■ **Source material**:
━━━━━━━━━━━━━━━━━━━━

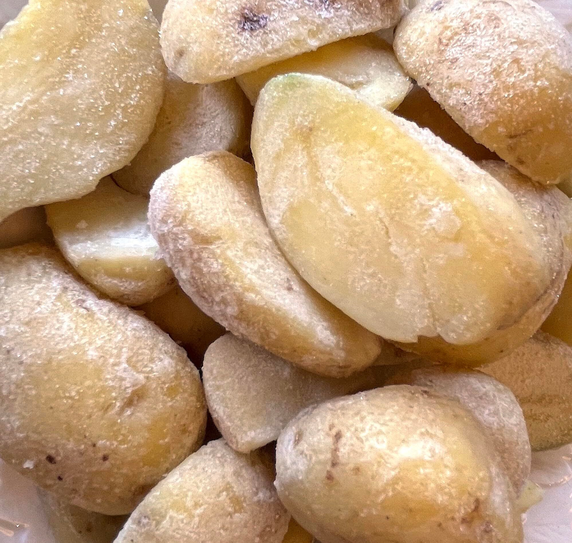 ベルギー産の新鮮な皮付きポテトを半割にして冷凍しました。
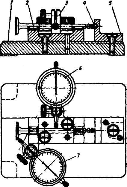 Рис. 2-99. Приспособление для проверки биения рабочей фаски и стержня клапана: 1 - плита; 2 - призма; 3 - держатель; 4 - шарик; 5 - стойка; 6 и 7 - индикаторы При проверке биения клапан укладывается на призму 2, закрепленную на плите 1 так, чтобы торец его упирался в шарик 4, завальцованный в стойку 5. Затем два индикатора 6 и 7, закрепленные в держателях 3, подводятся наконечниками к фаске клапана и его стержню. При проворачивании клапана один индикатор покажет биение рабочей фаски, а другой - биение стержня. Допустимое биение фаски и стержня не более 0,02 мм. Направляющие втулки клапанов Если износ направляющих втулок превышает допустимую величину, указанную в табл. 2-7, то следует произвести замену втулок. Замену направляющей втулки клапана следует производить в следующем порядке: - выпрессовать изношенную направляющую втулку клапана из головки цилиндров с помощью оправки (рис. 2-100);
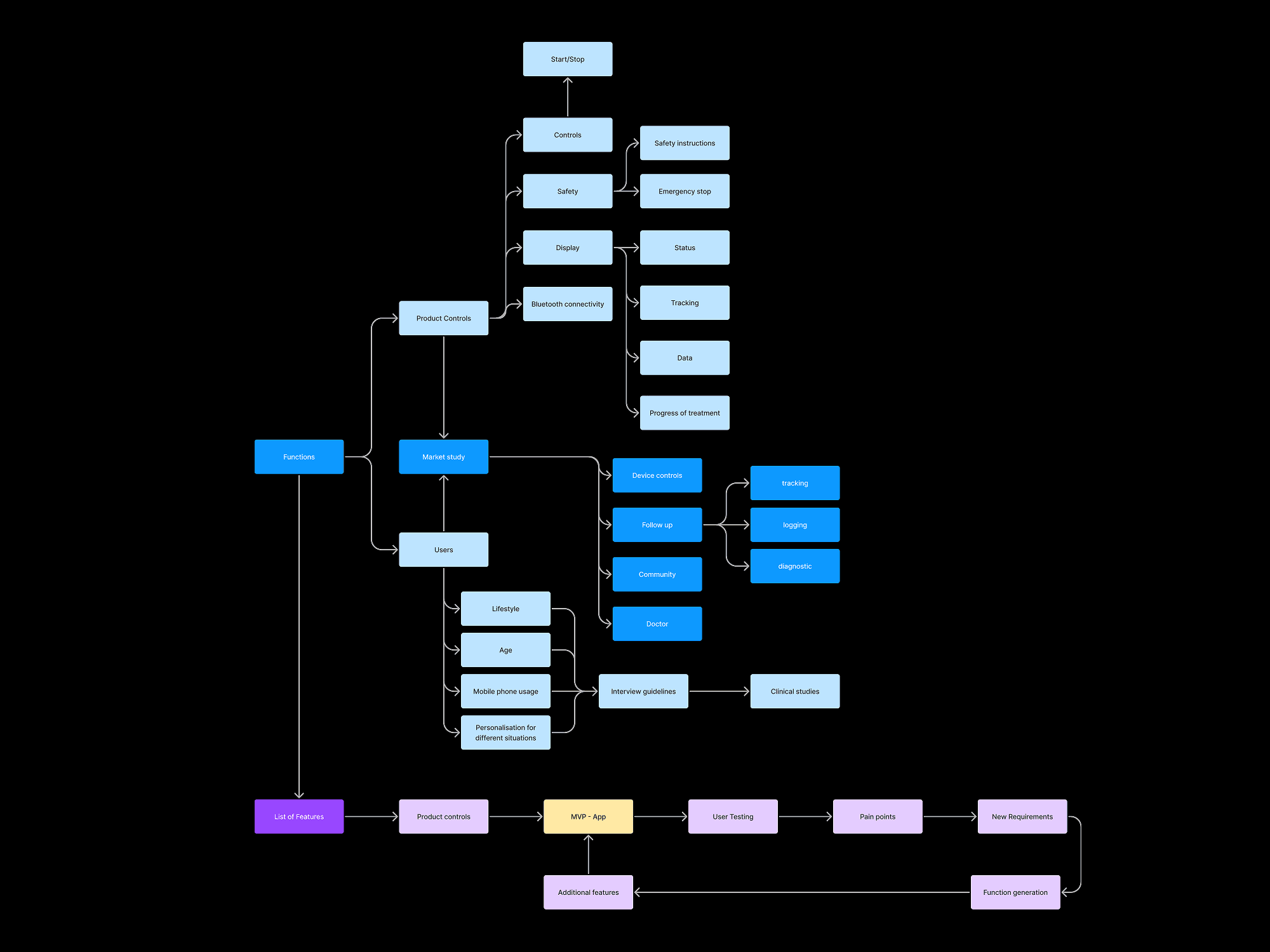 The product was at an early stage, with an existing hardware prototype but no user-centred application to control it. The team needed an MVP app that could communicate with the microcontroller, give users intuitive control over the device, and enable meaningful user testing. Designing for a sensitive medical condition required deep empathy with users who were often hesitant to discuss their experiences openly.
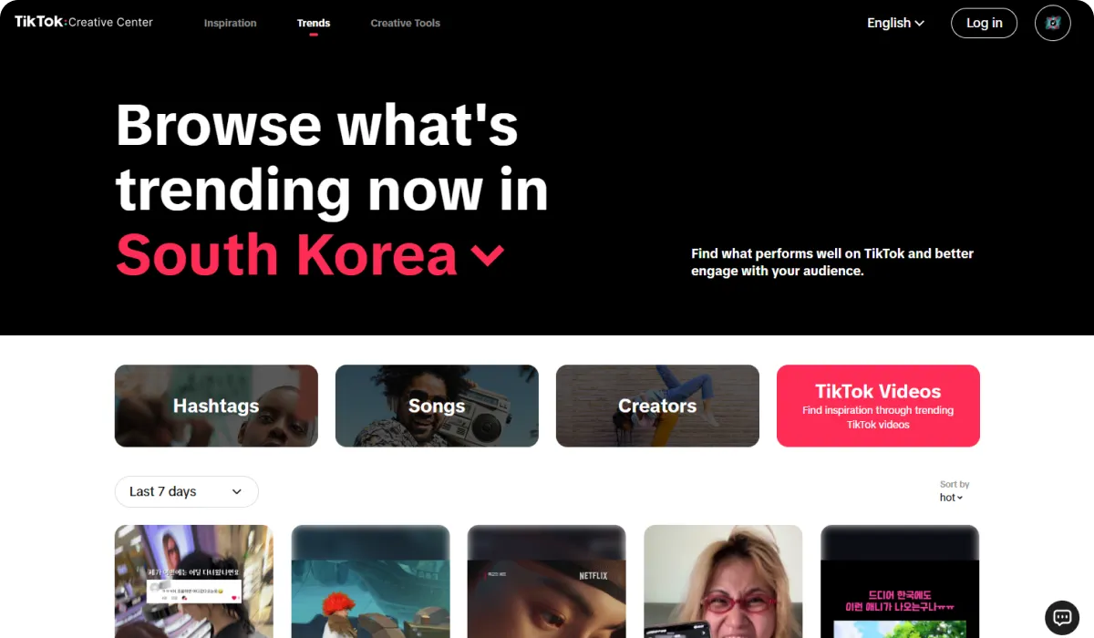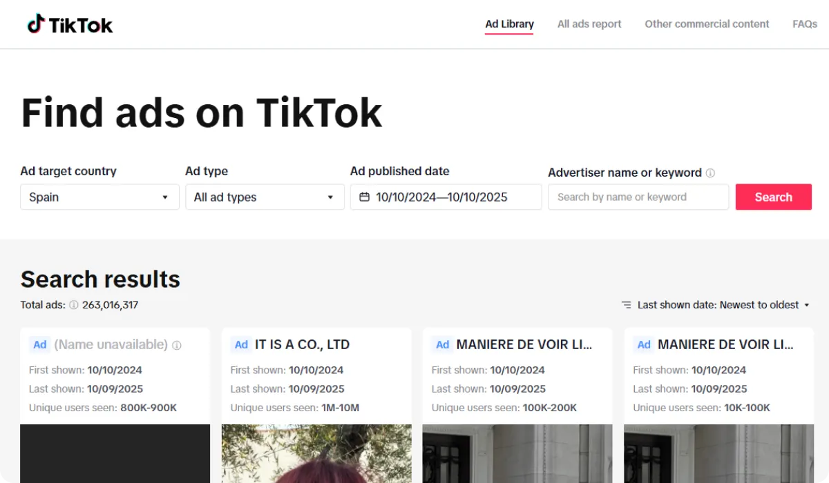 반면, 애드 라이브러리는 틱톡에서 운영하는 광고의 인사이트를 제공합니다. 특정 국가를 선택할 수 있으며 키워드 검색을 지원하여 보다 다양한 주제를 직접 선택하여 찾아볼 수 있고, 대략적인 노출량을 표기하여 특정 광고의 성과를 유추할 수 있다는 장점이 있죠. 그러나 국내에서 다소 비중이 작은 만큼, 국내 광고 라이브러리는 제공하지 않는다는 단점이 있습니다.

━━━━━━━━━━━━━━━━━━━━

■ **What to work on**: Retype the listing above exactly as it appears, omitting the pictures.

■ **Reply**:
 ベルギー産の新鮮な皮付きポテトを半割にして冷凍しました。
 Рис. 2-99. Приспособление для проверки биения рабочей фаски и стержня клапана: 1 - плита; 2 - призма; 3 - держатель; 4 - шарик; 5 - стойка; 6 и 7 - индикаторы При проверке биения клапан укладывается на призму 2, закрепленную на плите 1 так, чтобы торец его упирался в шарик 4, завальцованный в стойку 5. Затем два индикатора 6 и 7, закрепленные в держателях 3, подводятся наконечниками к фаске клапана и его стержню. При проворачивании клапана один индикатор покажет биение рабочей фаски, а другой - биение стержня. Допустимое биение фаски и стержня не более 0,02 мм. Направляющие втулки клапанов Если износ направляющих втулок превышает допустимую величину, указанную в табл. 2-7, то следует произвести замену втулок. Замену направляющей втулки клапана следует производить в следующем порядке: - выпрессовать изношенную направляющую втулку клапана из головки цилиндров с помощью оправки (рис. 2-100);
 The product was at an early stage, with an existing hardware prototype but no user-centred application to control it. The team needed an MVP app that could communicate with the microcontroller, give users intuitive control over the device, and enable meaningful user testing. Designing for a sensitive medical condition required deep empathy with users who were often hesitant to discuss their experiences openly.
 반면, 애드 라이브러리는 틱톡에서 운영하는 광고의 인사이트를 제공합니다. 특정 국가를 선택할 수 있으며 키워드 검색을 지원하여 보다 다양한 주제를 직접 선택하여 찾아볼 수 있고, 대략적인 노출량을 표기하여 특정 광고의 성과를 유추할 수 있다는 장점이 있죠. 그러나 국내에서 다소 비중이 작은 만큼, 국내 광고 라이브러리는 제공하지 않는다는 단점이 있습니다.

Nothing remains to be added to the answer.